Dangote cautioned that “if the distributors are not trying to bring it down, we’ll go directly and sell to the consumers, so that people will now transit from firewood or kerosene to LPG for cooking.”

It was earlier reported that Dangote plans to begin nationwide direct distribution of petrol, diesel, and aviation fuel in August, using 4,000 CNG-powered buses.

At present, cooking gas sells for between N1,000 and N1,300 per kilogramme. Dangote aims to reduce this to make it more accessible.

Operators kick

LPG market stakeholders appear displeased with Dangote’s plan to shake up the sector.

In an interview with our correspondent, the former Chairman of the LPG and Natural Gas Downstream Group of the Lagos Chamber of Commerce and Industry, Godwin Okoduwa, labelled the move monopolistic.

Okoduwa stressed that Dangote must acknowledge the efforts of investors who expanded the LPG market from 70,000 metric tonnes in 2007 to over 1 million metric tonnes by 2022. He emphasized the importance of cooperation.

“I think it’s monopolistic. I think a market should be protected to encourage growth. The LPG industry in Nigeria grew from 70,000 metric tonnes in 2007 to over 1.3 million tonnes in 2022. That was done by collaboration — collaboration with the Federal Government, the NLNG, and offtakers. Everything was done in collaboration. It grew from 70,000 to 250 to 800, and now over a million,” Okoduwa said.

He argued that monopoly cannot drive growth, but collaboration can. “Today, we are just under 5kg or 6kg per capita consumption in terms of LPG. Other countries are doing much more. South Africa is doing double digits, Morocco and Tunisia are doing double digits. We can do much more.

“So, we should, as an industry and as a country, focus on how to grow the LPG industry and not allow someone (to frustrate the players). Yes, he has invested; yes, it’s a capital economy, but he should not be allowed to frustrate the players.

“There are people who have spent money, spent resources, even business and development, and someone just comes in to reap from the work that has been done. I’m sure he wouldn’t have built if there had not been an existing market. The work has been done, he should respect the market and let us grow. It shouldn’t be a zero-sum strategy. It should be collaborative,” he said.

He recommended that despite having a significant advantage, Dangote should pursue collaboration.

“My advice to him is that the pie can be bigger. The Nigerian market is about 1.3 million tonnes. The Nigerian LPG market can be 5 million tonnes. He should work towards collaboration rather than competition, because at the end of the day, everybody benefits,” he added.

When told that Dangote’s main goal is to lower gas prices so everyone can afford it and reduce firewood use, Okoduwa responded, “I have news for him.
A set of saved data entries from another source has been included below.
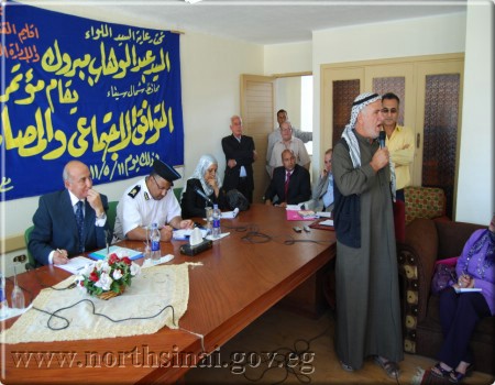 تحت رعاية السيد اللواء السيد عبد الوهاب مبروك محافظ شمال سيناء ، و سعد عبد الرحمن رئيس الهيئة العامه لقصور الثقافة اقيم الاربعاء بنقابة المهندسين بالعريش مؤتمر التوافق الاجتماعي و المصالحه بين قوي الشعب .
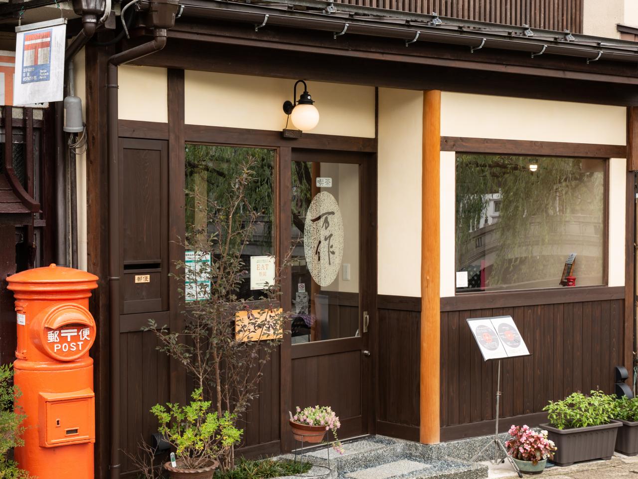 城崎温泉の真ん中を流れる大谿川沿いにある喫茶店です。
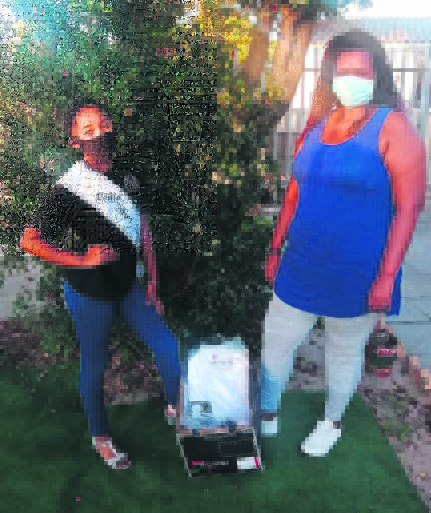 Klein, maar met ’n hart van goud – Leazle de Villiers (10) het onlangs skoolklere en skoene aan Lee-Zaan Jacobs van die Atlantis Sanctuary of abused women and children oorhandig.Foto: Verskaf
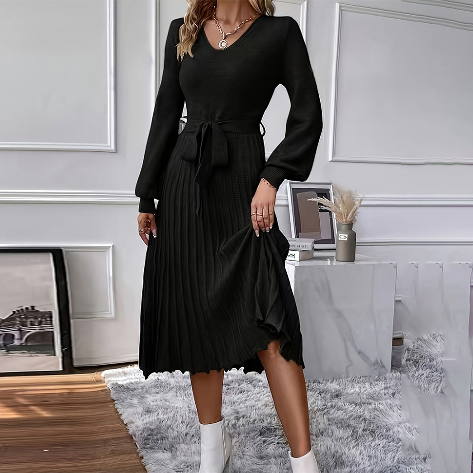 Nuovo abito Casual a vita alta a maniche lunghe con ampia fornitura di ODM per abiti da donna in lana autunnale
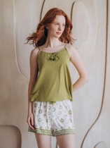 Легкий комплект для комфортного сна и отдыха из трикотажного полотна с эффектом меланжа. Футболка с принтом и спущенной линией плеча комфортно садится по фигуре.  Брюки с эластичными манжетами с боковыми карманами. Круглый шнур позволяет регулировать посадку. Гладкий материал приятен к телу и позволяет коже дышать.
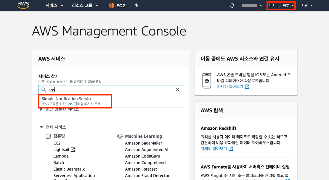 이번 단계에서는 Amazon SNS (simple notification service)를 이용하여 e-mail 을 발송할 수 있도록 설정하겠습니다.
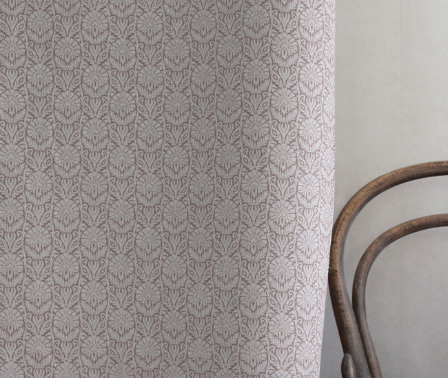 Krista New Blush is a Natural Linen Cotton fabric with an abstract Pink floral pattern. Medium weight fabric.

He should go to the Northeast, where you have the least consumption of LPG. He should go to the Northeast and start developing the LPG infrastructure there. I think we will tell him thank you for that.”

In a similar vein, the Executive Secretary/Chief Executive Officer of the Nigerian Association of Liquefied Petroleum Gas Marketers, Bassey Essien, expressed doubt about Dangote’s ability to sell gas directly to consumers or significantly reduce prices.

“I am saying that it’s unrealistic. What is the position with PMS? Has the refinery been able to sell petrol directly to you and me into our cars at a very cheap rate?” Essien asked.